While Ms. Knauer and her fellow panelists agree, there is no substitution for in-store experiences, emerging tools such as virtual and augmented reality can assist in maintaining foot traffic to physical stores.
For example, in 2014, German automaker Porsche began equipping dealers with an augmented reality iPad application for the Porsche Panamera that immerses interested consumers in the vehicle’s capabilities.
When hovering the iPad over a vehicle, the app synchronizes with markers that lead to stills, text, video and animation to give consumers a full sense of what the vehicle offers. The app coincided with the release of the Panamera in the Middle East, aiming to increase exposure in eight countries (see story).
Rather than looking at digital as a threat, BCG points out in its 2016 projections that it can be a boon to the luxury industry. Digital holds with it opportunities for personalization and reaching a wider geographic clientele.
Whereas luxury brands drove growth previously by expanding their physical footprint into emerging markets, these hot markets have cooled their spending, requiring brands to look elsewhere. Digital channels enable brands to acquire and retain new clientele (see story).
Luxury brands have long been categorized as laggards when it comes to embracing digital technologies.
But, for a detailed oriented industry rooted in longevity, quality and craftsmanship, its pace should be expected, not dismissed as an unwillingness to be viewed as modern, due to fears of not upholding luxury’s allure and expertise as digital marketing progressed.

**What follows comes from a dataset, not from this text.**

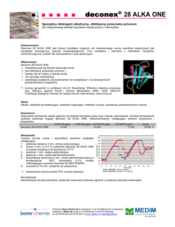 ■ ■ ■ ■ ■ ■ deconex® 28 ALKA ONE Specjalny detergent alkaliczny, efektywny przeciwko prionom Do maszynowej obróbki wyrobów medycznych i utensyliów. Zastosowanie Deconex 28 ALKA ONE jest silnym środkiem myjącym do maszynowego mycia wyrobów medycznych jak narzędzia chirurgiczne, osprzęt anestezjologiczny, inne narzędzia i utensylia z oddziałów, narzędzia mikrochirurgiczne, butelki dla niemowlaków i buty operacyjne. Właściwości deconex 28 ALKA ONE: • charakteryzuje się bardzo duŜą siłą mycia, • jest efektywny przeciwko prionom *, • nadaje się do uŜytku z twardą wodą, • nie wymaga neutralizacji, • zapobiega osadzaniu się krzemianów na narzędziach i na wewnętrznych powierzchniach urządzenia, *) proszę sprawdzić w publikacji Urs B. Rosenberg: Effective clearing processes and „Efficacy against Prions”, Zentral Sterilization 2005; 13(4): 258-270. Publikacja dostępna równieŜ na naszej stronie internetowej: www.borer,ch Skład Alkalia, składniki kompleksujące, składniki maskujące, inhibitory korozji, substancje powierzchniowo czynne. Dozowanie Optymalne dozowanie zaleŜy głównie od stopnia twardości wody oraz rodzaju zabrudzenia. WyŜsza temperatura podnosi zdolności myjące deconex 28 ALKA ONE. Rekomendujemy następujące zakresy dozowania i temperatur: ≤7°d/125 ppm >7°d/125 ppm ≤21°d/375 ppm >21°d/375 ppm temp. deconex 28 ALKA ONE 3 ml/l 5 ml/l 7 ml/l 70-90 °C *) temperatura mycia poniŜej 70°C nie jest zalecana Profil temperatury w procesie maszynowym z deconex 28 ALKA ONE Temperatura [°C] Wskazówki Typowy proces mycia i dezynfekcji powinien wyglądać następująco: 1. płukanie wstępne 3 min. zimną wodą bieŜącą 2. mycie 5 min. w 0.5 % roztworze deconex 28 ALKA ONE w wodzie bieŜącej w temperaturze 70 °C* 3. płukanie 1 min. ciepłą wodą bieŜącą 4. płukanie 1 min. wodą zdemineralizowaną 5. dezynfekcja termiczna 5 min. wodą zdemineralizowaną w temperaturze 90°C, dozowanie 0,1% środka ułatwiającego suszenie deconex 64 NEUTRADRY 6. suszenie 5-15 min. (zaleŜnie od załadunku) Czas [min] kolor niebieski: typowy program kolor czerwony: program intensywny Neutralizacja Neutralizacja nie jest potrzebna, jeŜeli jest wykonane płukanie zgodnie z podanym powyŜej schematem. Producent: Borer Chemie AG ● Gewerbestr. 13 ● CH-4528 Zuchwil ● Szwajcaria Dystrybutor: Medim Sp. z o.o. ● ul. Piotrkowska 5 ● 02-375 Warszawa tel. 22 570 90 00 ● fax 22 570 90 01 ● www.medim.pl ● [email protected] Rev. 2007/04/23 ■ ■ ■ ■ ■ ■ deconex® 28 ALKA ONE Kompatybilność materiałowa deconex 28 ALKA ONE moŜna stosować do: stali nierdzewnej, materiałów chromowanych, materiałów syntetycznych, gumy, lateksu, szkła i ceramiki. deconex 28 ALKA ONE nie naleŜy stosować do: kontenerów sterylizacyjnych i ich pokryw wykonanych z anodyzowanego aluminium. Do kontenerów powinny być uŜywane neutralne środki myjące, jak np. deconex TWIN BASIC lub deconex 23 NEUTRAZYM. Inne przedmioty z anodyzowanego aluminium powinny być sprawdzone na kompatybilność materiałową. NaleŜy zwrócić szczególną uwagę na informacje dotyczące sposobu obróbki wyrobów medycznych dostarczonych przez ich producenta (stosownie do wymogów EN ISO 17664). Dane fizyko-chemiczne pH gęstość wygląd 1 % roztwór w wodzie demi koncentrat koncentrat około 12.0 1.40 g/ml przezroczysty do lekko mętnego, bezbarwny do lekko Ŝółtawego Dostępność Proszę pytać lokalnego dystrybutora o dostępne wielkości opakowań. Pojemniki, zakrętki i etykiety są wykonane z polietylenu podlegającemu recyklingowi. Dodatkowe informacje Informacje dotyczące bezpieczeństwa pracy, przechowywania, usuwania odpadów znajdują się w karcie charakterystyki substancji niebezpiecznej. Proszę skorzystać z naszego know-how ! Proszę się z nami skontaktować, aby zastosować nasze produkty do Państwa specyficznych zastosowań. Wszystkie powyŜsze informacje są oparte na naszej aktualnej wiedzy i nie mogą stanowić zabezpieczenia specyficznych właściwości produktu. Producent: Borer Chemie AG ● Gewerbestr. 13 ● CH-4528 Zuchwil ● Szwajcaria Dystrybutor: Medim Sp. z o.o. ● ul. Piotrkowska 5 ● 02-375 Warszawa tel. 22 570 90 00 ● fax 22 570 90 01 ● www.medim.pl ● [email protected] Rev. 2007/04/23

“What we are seeing is its really a process that brands are going through,” Cedig’s Mr. Toubrinet said. “What I understand, is that luxury is all about the long-term, and when you think about a project it’s long-term, it’s detail-oriented, you want to do it well.
“In that perspective, when [luxury brands] go to a digital project, it seems that they take the same mindset,” he said. “Digital is all about the short term, there’s a lot of technologies and styles that exist out there – virtual and augment reality – there’s a bunch of others that can be used.
“It is hard for luxury brands to get that agility [with new technologies quickly]. I think that’s the fear, of not getting it right the first time, because it goes against the DNA of a luxury brand.”